Provenance

The provenance of the records is central to establishing their authenticity and enables the records to be traced to their original source. Provenance refers to “the office of origin’ of records, or that office, administrative entity, person, family, firm, from which records, personal papers, or manuscripts originate” (Winget, 2004, p. 1). It is crucial to understanding the history of creation, ownership and changes made to records (Factor et al., 2009). Provenance is also referred to as “respect des fonds,” and the International Research on Permanent Authentic Records in Electronic Systems (InterPARES 2) defined provenance as “the relationships between records and the organizations or individuals that created, accumulated and/or maintained and used them in the conduct of personal or corporate activity” (Duranti & Preston, 2008, p. 831). The principle of provenance is crucial in the digital networked environment and has relevance to e-Government, because it points out which organizations are responsible for the management of the entire records continuum. Upward (2009) argued that it is essential for electronic records to be identified and managed in a manner that will make them accessible for as long as they are of value.
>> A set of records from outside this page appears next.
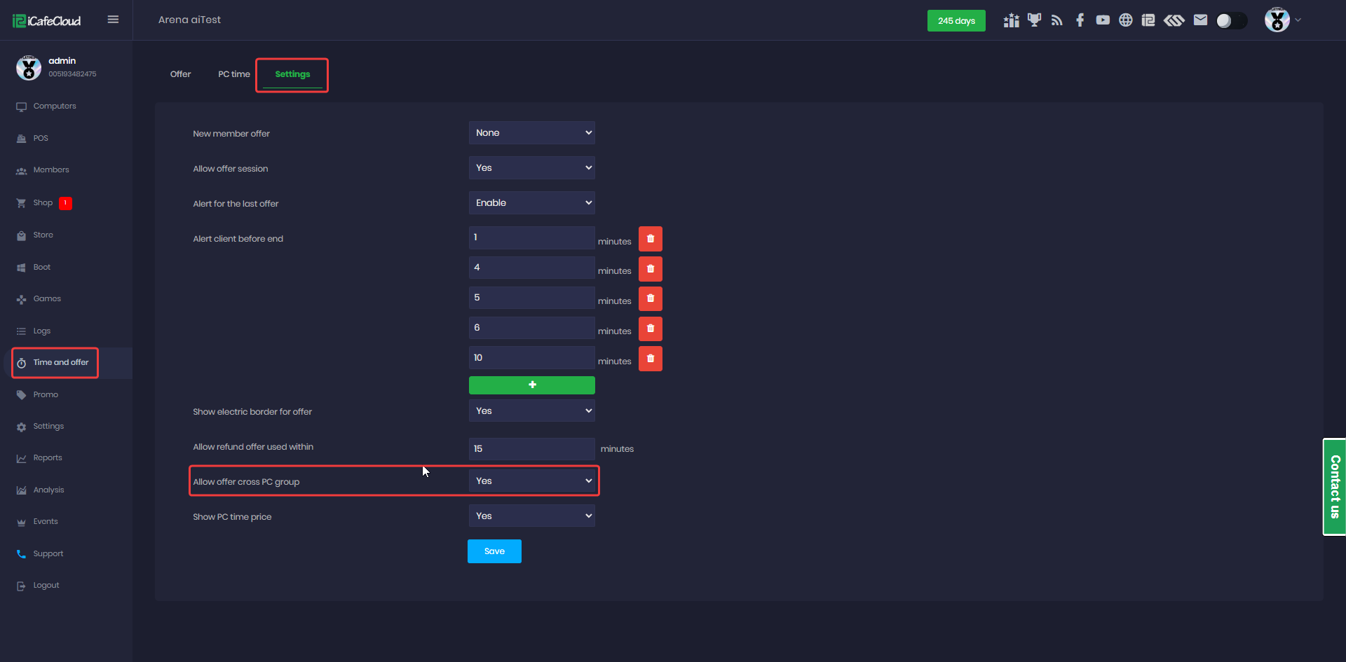 - Navigate to Time and offer → Settings.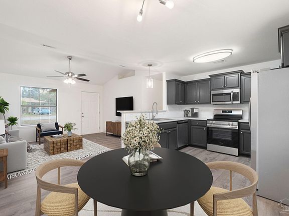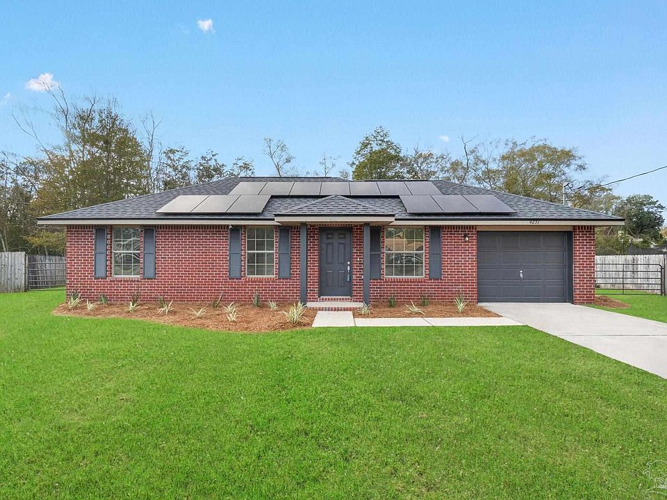 This is the home you’ve been looking for! A stunningly remodeled 3 Bedroom, 2 baths home in the heart of idyllic Pace, Florida. A true rare find that boasts ample solar panels on a new roof which can cut the home's net power consumption to near zero! This charming home has great curb appeal that draws you right in. The southern landscaping leads you to the home’s attractive contemporary entryway. Once inside, you will be greeted with luxurious and modern features throughout the home. This is where you will find everything you’ve been dreaming of! Stepping across the threshold, you will enter the large living room with its tall vaulted ceilings that give that sought after feeling of openness. Adjoining the living room is the incredible kitchen displaying modern cabinetry finished in a very attractive color with tastefully chosen pulls. The tile backsplash pairs beautifully with the warmth of the authentic butcher block countertop. This home has highly desirable stylish plank flooring throughout the open living areas. The spacious master bedroom provides ample natural light, which elicits a relaxing feel. Complimenting the master is a completely remodeled master bathroom which includes a gorgeous euro style vanity and large rainfall shower. When the sun is up, you can feel yourself relaxing in your large private backyard just enjoying the peace and serenity of Florida living at its best! This rare find in Pace has everything: a refinished garage, all new stainless steel kitchen appliances, all new lighting fixtures, all new plumbing fixtures, solar panels, and a brand new ROOF to top it off! You don't want to miss out on this home, it could be the one!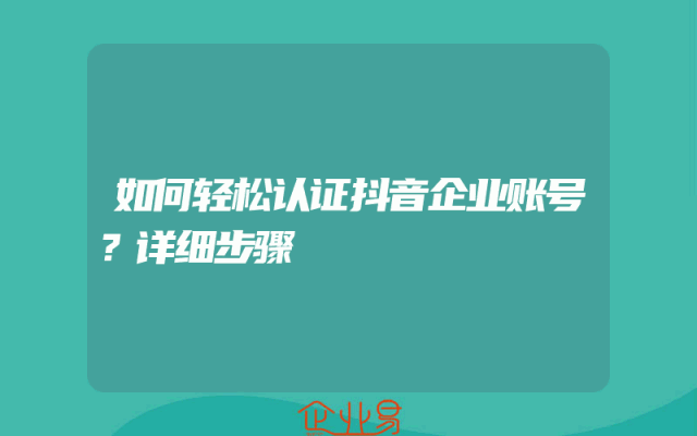 - 如何轻松认证抖音企业账号?详细步骤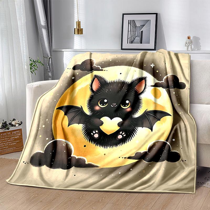 1pc Bat Cute Cartoon Design Design Blanket Seasonal Home Decorative Throw for Room, Gift Idea, Living Room, Travel, Camping, Car Blankets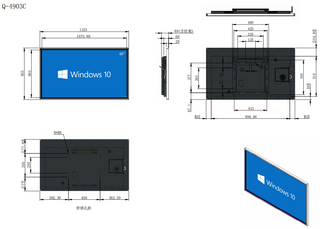 外觀尺寸 | 749×444×82mm(長*高*厚含掛架) | 992×580×89mm(長*高*厚含掛架) | 1125×655×89mm(長*高*厚含掛架) | 1260×731×89mm(長*高*厚含掛架) | 1479×854×89mm(長*高*厚含掛架) |
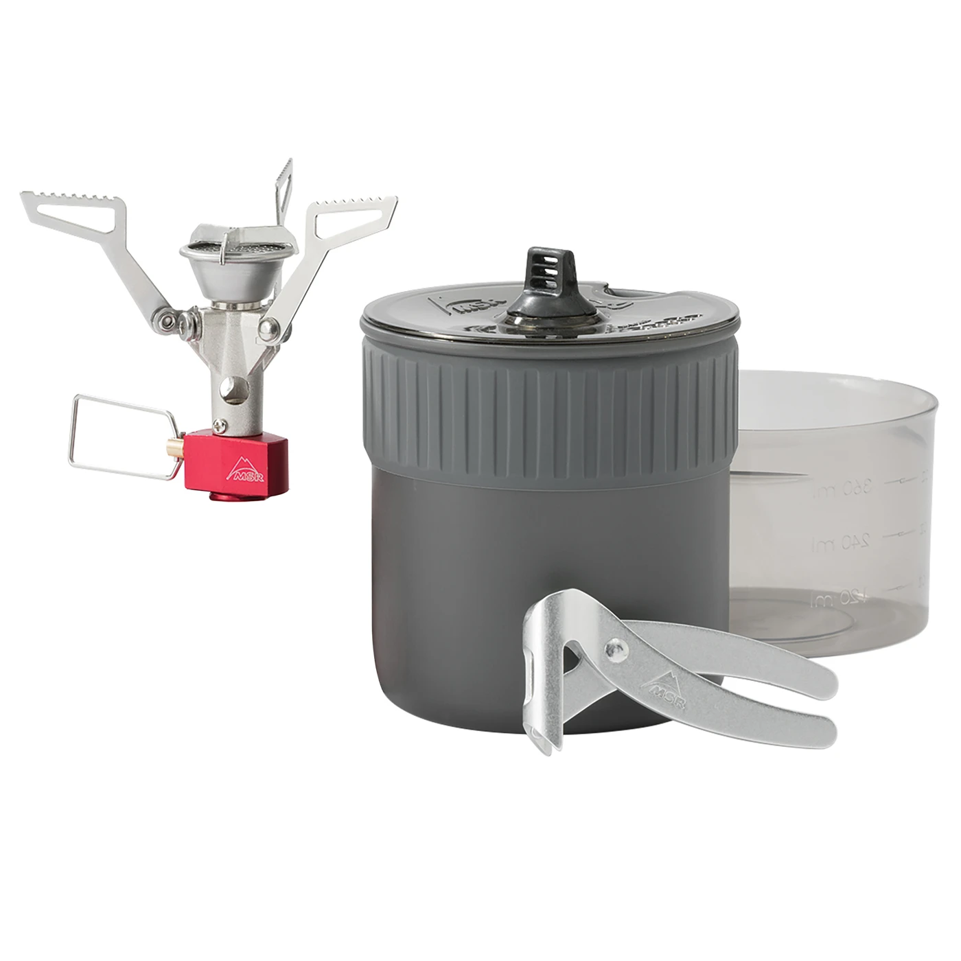 De is de definitie van grote prestaties in een kleine verpakking. Ultracompacte kook- en eetset voor minimalistische solo-hikers. Hij wordt geleverd met de snel kokende PocketRocket 2 kookpan en is perfect om heet water te maken voor een maaltijd in zakjes of een kop koffie. Voor efficiëntie is de pan zowel een eet- als drinktank en heeft ruimte voor een kooktoestel en een 110 g MSR-gaspatroon. De kom past perfect om de pan. Als je een minimale bepakking nodig hebt voor alpiene expedities of lange fietstochten, is deze microkookset wat je zoekt.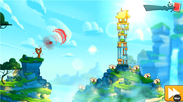 第1關:這一關并不難,實際上是作為教程設計的。你需要把小紅射向炸藥箱以引發連鎖爆炸,并利用小紅的怒吼技能將石頭和冰塊吹向右側的炸藥箱和搗蛋豬。
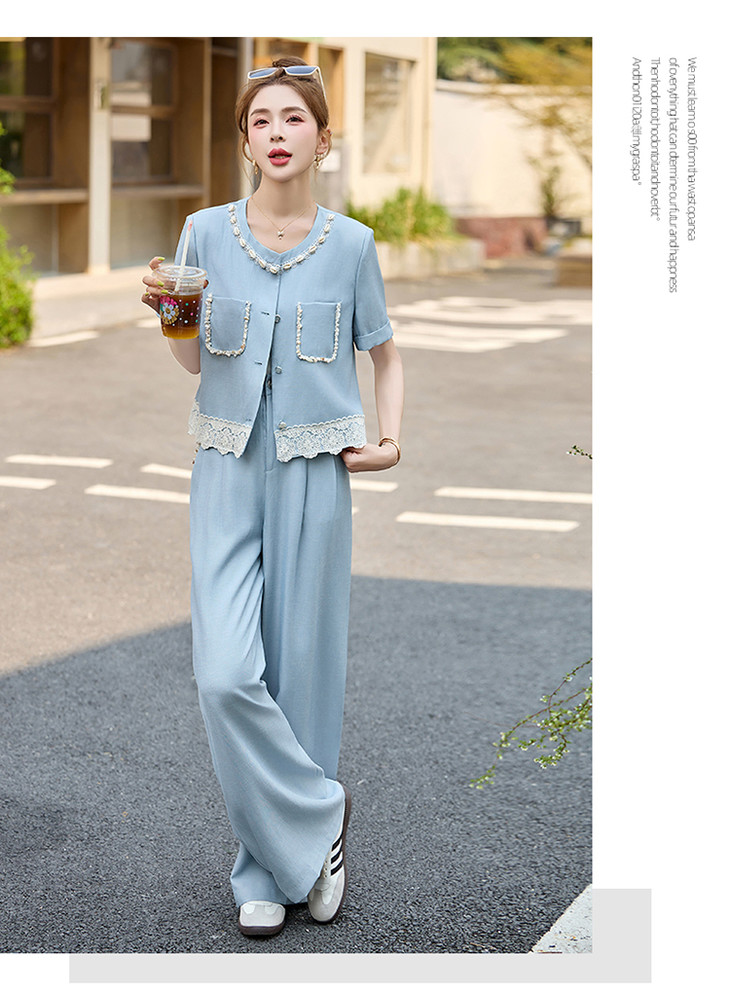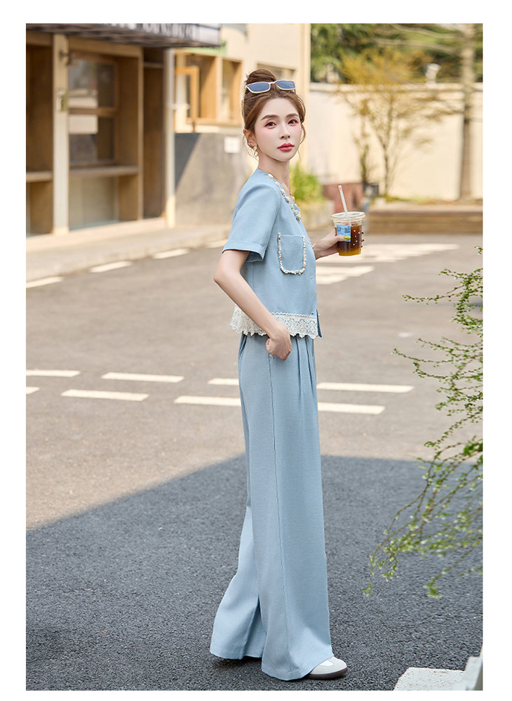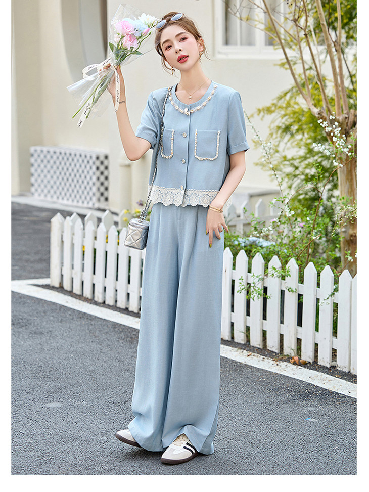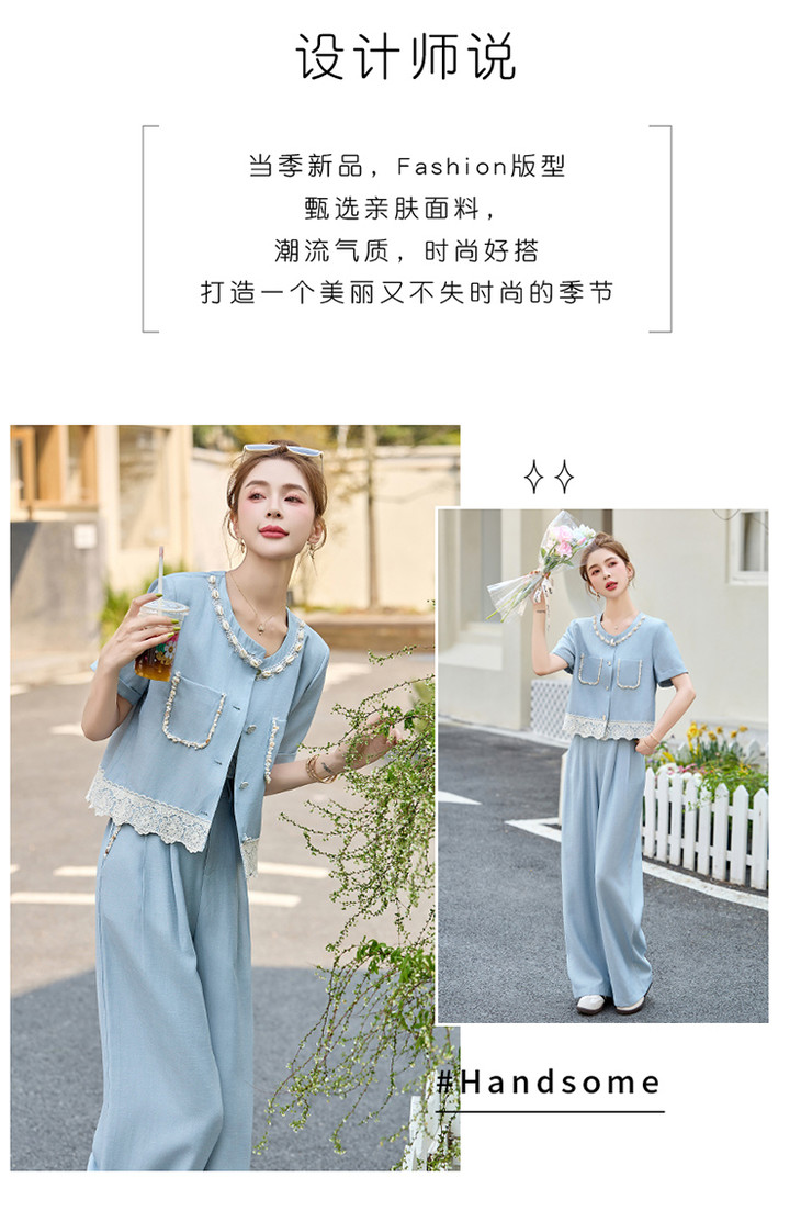时尚香风套装2025新款夏日穿搭蕾丝拼接名媛气质阔腿裤两件套YQH9201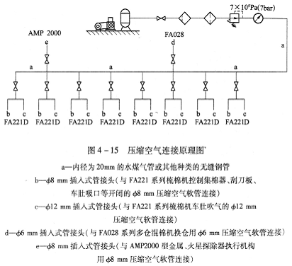 在郑州纺织机械股份有限公司的清梳联流程中,有几种单元机需要使用压缩空气,具体机型有FA022系列多仓混棉机、FA028系列多仓混棉机、TF2212型三通配棉器、AMP2000型金属火星二合一探除器、119A型火星探除器、JWF1051A型异纤微尘分离机、FA221系列梳棉机、FA223系列梳棉机、FA225系列梳棉机、JWFl202型梳棉机、JWFl204型梳棉机及TF2511型、TF2512型、TF2513型、TF2514型、TF2521型圈条器等。为方便用户使用,上述所有机型对压缩空气的压力要求相同,均为0.6—0.8MPa。

The National Electronic Commerce Coordinating Council (2004) quoted the following as the six fundamental challenges in maintaining confidence and trustworthiness in electronic records:

  • • Classification: Develop and adopt data classification standards to protect information from unauthorized or accidental disclosure, modification, or loss. Data classification categories may be as simple as “Open” or “Confidential,” or the classification categories may be more elaborate. Classification standards should be based on applicable laws, legal, and regulatory requirements, not individual desires.
  • • Authenticity: Provide assurances that every record truly originates from its attributed author.
  • • Integrity: Detect and track unintentional or malicious record alteration.
  • • Nonrepudiation: Prevent authors from refuting any record that they created.
  • • Security Persistence: Maintain a document’s security throughout its lifecycle, from first draft to archived record, per the classification assigned.
  • • Usability: Finally, the practices and policies to address the five preceding challenges should be easy to understand and easy to use so that everyone in an organization who creates and accesses electronic documents protects document confidentiality, authenticity, integrity, etc.

As governments engage in e-Government development they need to address any obstacles that might hinder the effective management of government records and demonstrate that they have e-readiness in place.